Se undici adulti tornano sui banchi per studiare

ISTRUZIONE Un percorso triennale e un titolo di studio che può aprire la strada a nuove occasioni lavorative, oltre a rappresentare un’importante conquista a livello personale. Si tratta del progetto Polis, rivolto agli adulti che intendono ottenere un diploma di scuola superiore.

Ad Alba sono undici i corsisti dell’anno accademico 2015/2016, che hanno conseguito il diploma in tecnico dei servizi commerciali. Il percorso di studi è stato elaborato dall’istituto Piera Cillario Ferrero, in collaborazione con il Centro provinciale per la formazione degli adulti (Cpia) di Cuneo. Una collaborazione duratura, che ha visto negli anni la partecipazione anche di altri istituti: l’Apro, il liceo Leonardo da Vinci, l’istituto Einaudi e l’istituto Guala- Sobrero per la sede di Bra. Oltre alle risorse garantite a livello provinciale e regionale, il progetto si avvale del contributo della fondazione Crc.

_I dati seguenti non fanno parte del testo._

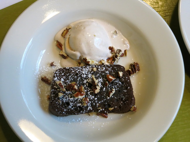 Corsican-style white bean soup with chard, pasta, squash cheese rind broth and chestnut-thyme butterCrispy harissa calimari, pastis chickpeas, spinach and sultanasCrispy pork belly rillons served on a salad of roasted beets, capers, shallots, sweet onions and tarragon.Gratin of rye spatzle, green cabbage, caraway and apple baked in cider cream with gruyere bread crumbs, alone or with your choice of house-made boudin noir or a fried eggGrass fed beef petit top sirloin steak, collards braised with panchetta and black currants, walnut-sage butter.True cod filet brushed with grain mustard and roasted,, served on fennel, mushrooms, Delicata squash and mushroom-fennel brothTraditional gateau au chocolat, served warm with pecan-brandy ice cream and candied pecansCrispy pumpkin beignets served with caramel sauce and whipped cream
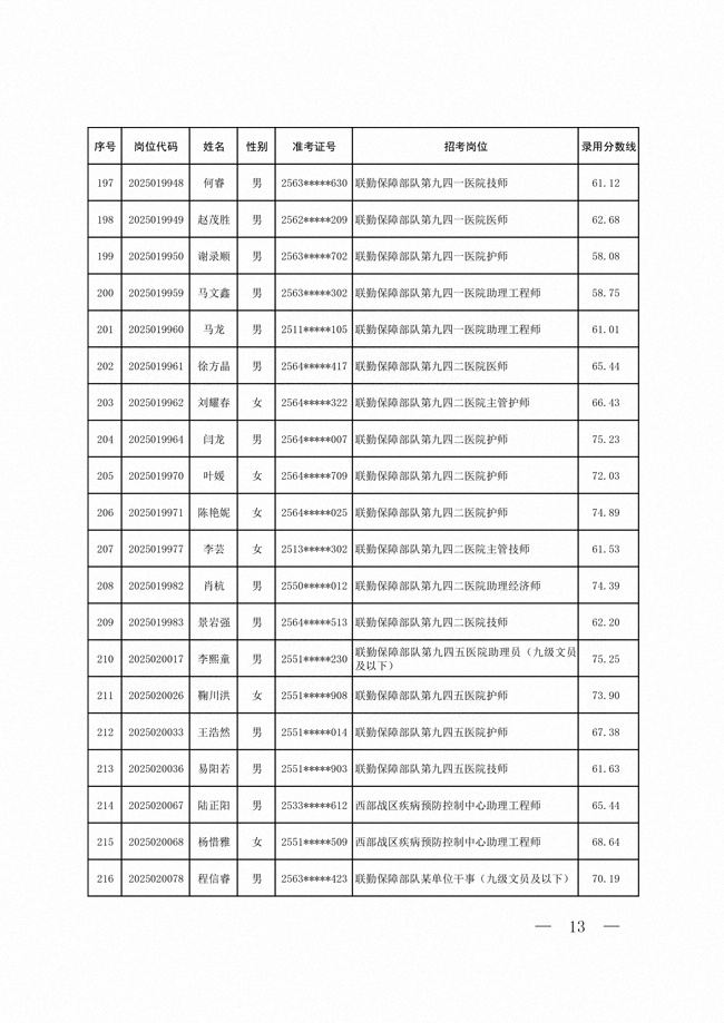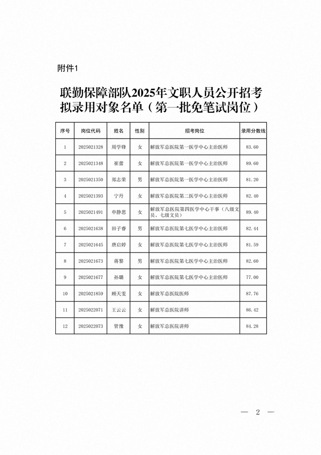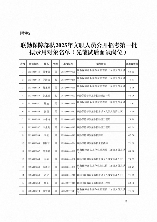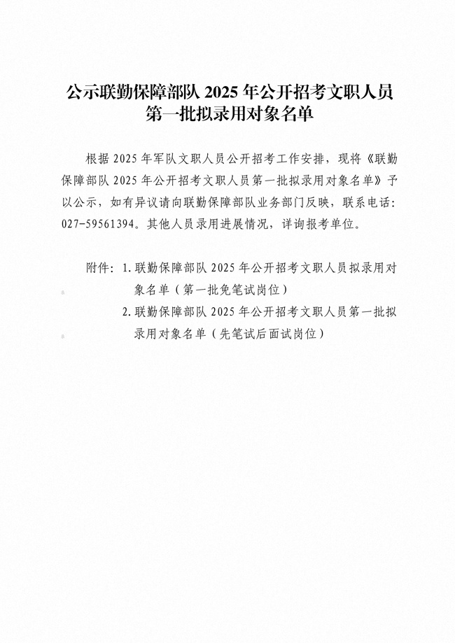 原文標(biāo)題:公示聯(lián)勤保障部隊(duì)2025年公開招考文職人員第一批擬錄用對(duì)象名單

La consegna dei diplomi si è svolta l’11 marzo, nel palazzo comunale albese. Era presente Elena Di Liddo, vicesindaco e assessore alle politiche familiari e sociali, che si è complimentata con i diplomati. Grande soddisfazione da parte del dirigente del Cpia Paola Boggetto: «Ad Alba abbiamo trovato un grande interesse verso la formazione degli adulti. Vorrei ringraziare la fondazione Crc e i docenti, che hanno avuto un ruolo fondamentale».

Soddisfatti ed emozionati, gli undici corsisti hanno ritirato il loro diploma. Storie e motivazioni diverse, che li hanno convinti a ritornare sui banchi di scuola, nonostante la difficoltà di conciliare studio, lavoro e famiglia.

Con il punteggio di cento su cento, Gianluca Cosentino ha ottenuto la migliore valutazione dell’anno accademico. Trentanove anni, residente a Bra e titolare di un negozio di elettronica a Savigliano, ha deciso di rimettersi in gioco per una rivincita personale.